The pane on the left, labeled Thread Forest
, gives an overview of all currently attached threads. The fact that every thread has been created by some other thread (its parent) defines a tree-shaped relation between threads. The attached threads form a number of partial subtrees of the whole thread hierarchy - this is why we refer to this view as a thread forest. The way threads are displayed reflects this tree structure: Children are inserted below their parent and indented to the right.
Thread IDs
For the purpose of debugging, threads are assigned integer IDs internally. These IDs do not carry any semantic significance and are only used to allow easier recognition of individual threads by the user, as well as to construct the tree representation. Note however that thread IDs need not be unique. In the thread forest, each thread node is depicted by the textual representation of its ID. (In the case of distributed debugging, the remote site's node name and process ID are also included.)
Thread States
The color of each node in the thread forest reflects the corresponding thread's state, similar to what the Thread.state
operation returns:
The thread's computation can proceed.
The thread waits for a synchronization condition, i. e., it currently cannot proceed.
The thread is dead.
The thread died of an exception it did not handle.
Stopped Threads
For the purpose of debugging, thread state actually has an additional dimension, namely whether the thread has currently been stopped by the debugger or not. This is reflected by a normal font (thread is stopped) or a bold font (thread is running), respectively.
Selected Thread
If at least one thread is attached, then one thread will always be the selected thread; its node is marked with an asterisk. This is the thread that thread actions operate on, and whose information is displayed in the other views. You can select a thread by clicking its node with the left mouse button, or you can navigate in the thread forest using the left and right cursor keys.
Stack Frames
On the top right, the pane labeled Stack
or Stack of Thread
id displays the stack of the currently selected thread. The stack is a sequence of frames, where each frame describes a nested construct or procedure activation.

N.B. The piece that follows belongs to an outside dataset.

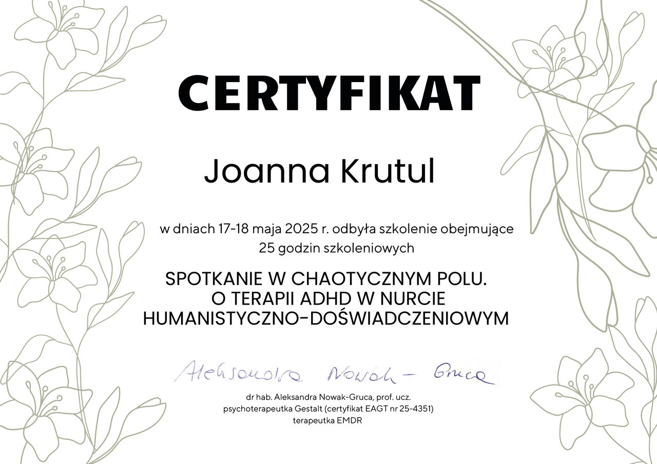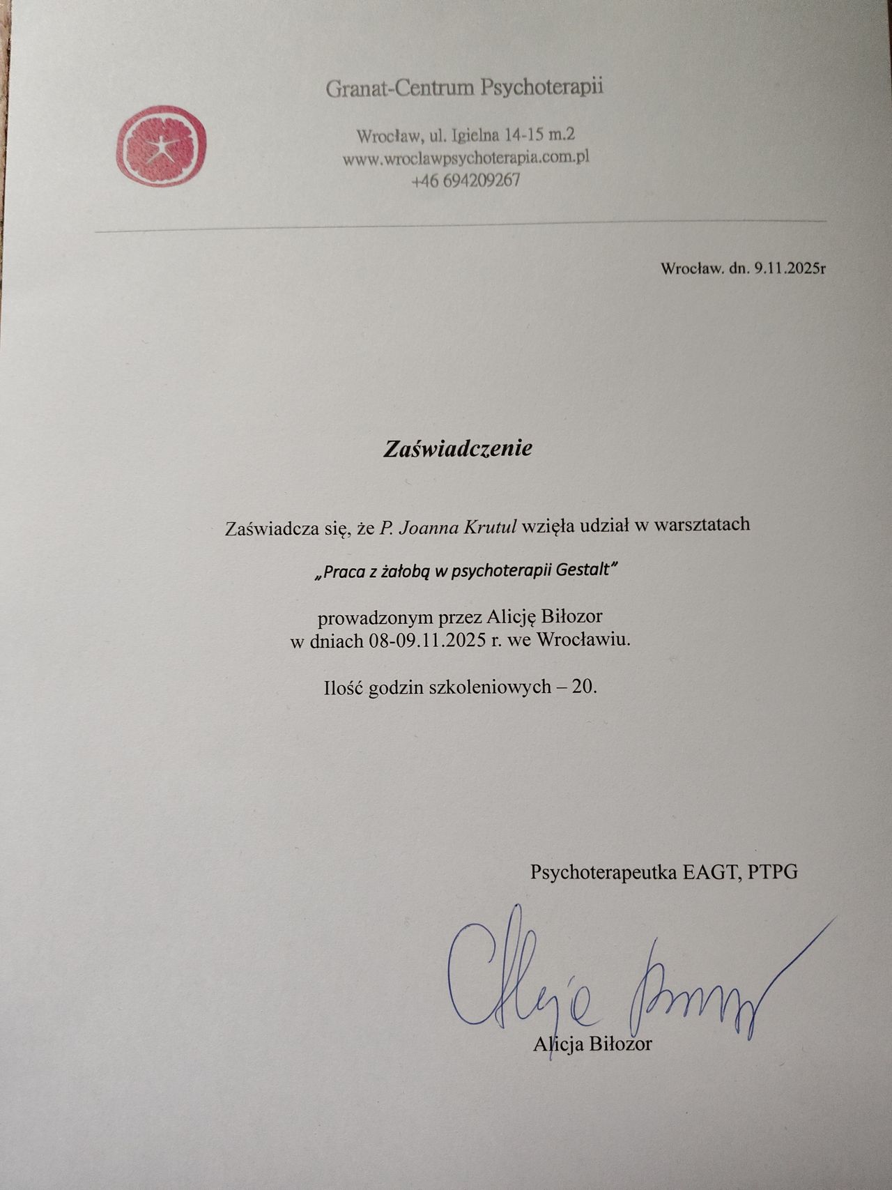 Z całego serca polecam Panią Joannę Krutul jako psychoterapeutę i psychologa. Jej profesjonalizm, empatia i zaangażowanie w pracę są niezwykle imponujące. Pani Joanna potrafi stworzyć bezpieczną i wspierającą atmosferę, w której można otwarcie mówić o swoich problemach. Dzięki jej wsparciu zyskałam nowe perspektywy i narzędzia, które pomagają mi lepiej radzić sobie z wyzwaniami codziennego życia. Każda sesja była dla mnie krokiem naprzód w kierunku lepszego zrozumienia siebie i poprawy jakości mojego życia. Dziękuję za wszystko!

The stack provides a trace of how the computation reached its current point of execution; the latter is called the topmost frame.
Stack Display
The Stack View displays the stack as one line of text per frame, where the first entry corresponds to the oldest activation frame and the last entry to the most recent frame (the topmost one). Each line consists of three columns. The first column contains an arrow indicating whether control is at the entry (right arrow) or at the exit of the corresponding nested construct, the second column gives the number of the stack frame, and the third column a description. The description may contain arguments (values), printed in bold face, which can be clicked on for examination with the Inspector.
Selected Frame
Some debugging actions refer to specific stack frames. To this purpose, stack frames can be clicked (in a place not displaying a value) to become the selected frame. The selected frame is indicated by a blue background. The up and down cursor keys also permit navigation through the stack.
Disabled Stacks
When the selected thread is running, its stack is grayed out to indicate that it is out of date, but contained values will still react to clicks.
Below the Stack View, there are two panes labeled Local Variables
and Global Variables
, displaying the values of local and global variables of the selected stack frame (or the topmost frame if no frame is selected). The variables of the local environment are sorted by order of introduction in the source code; the global environment is sorted alphabetically. Clicking the values causes them to be inspected.

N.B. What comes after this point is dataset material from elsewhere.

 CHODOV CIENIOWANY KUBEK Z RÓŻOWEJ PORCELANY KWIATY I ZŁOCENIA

The Status Line at the bottom of the main window provides feedback about actions performed and the current state of the debugger.

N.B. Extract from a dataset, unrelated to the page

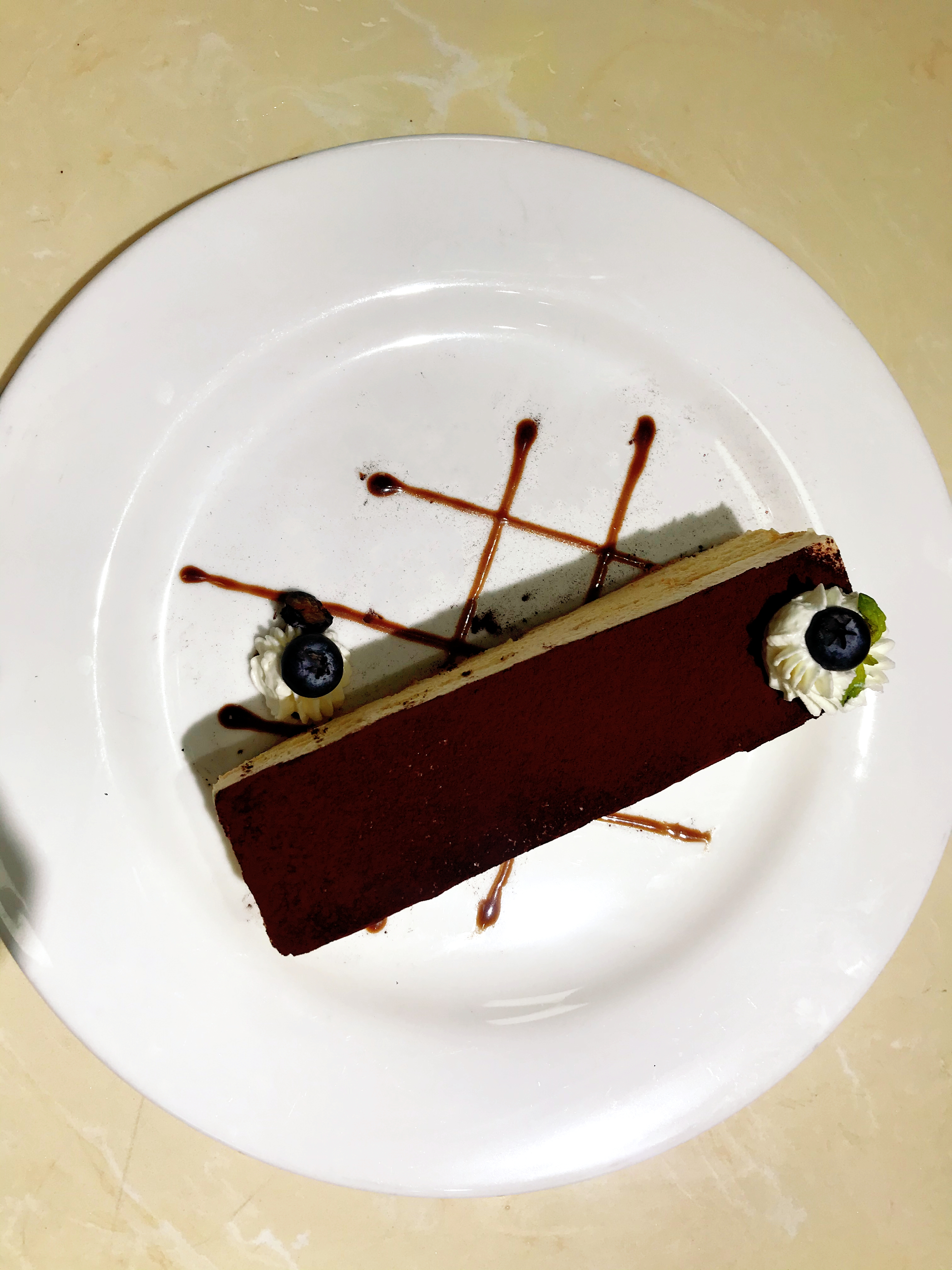 (1)提拉米苏质地细腻,糕体呈现乳黄色,表面光滑无颗粒

The Source View is not located within Ozcar's main window; instead, Emacs is instructed to display the source position corresponding to any selected frame.
Color Coding
Emacs highlights the line of source code corresponding to the selected frame in a color reflecting the selected thread's state: When the thread is running, highlighting will be done in gray; when it is stopped, in blue; and when the thread died of an exception or stopped at a breakpoint, in red.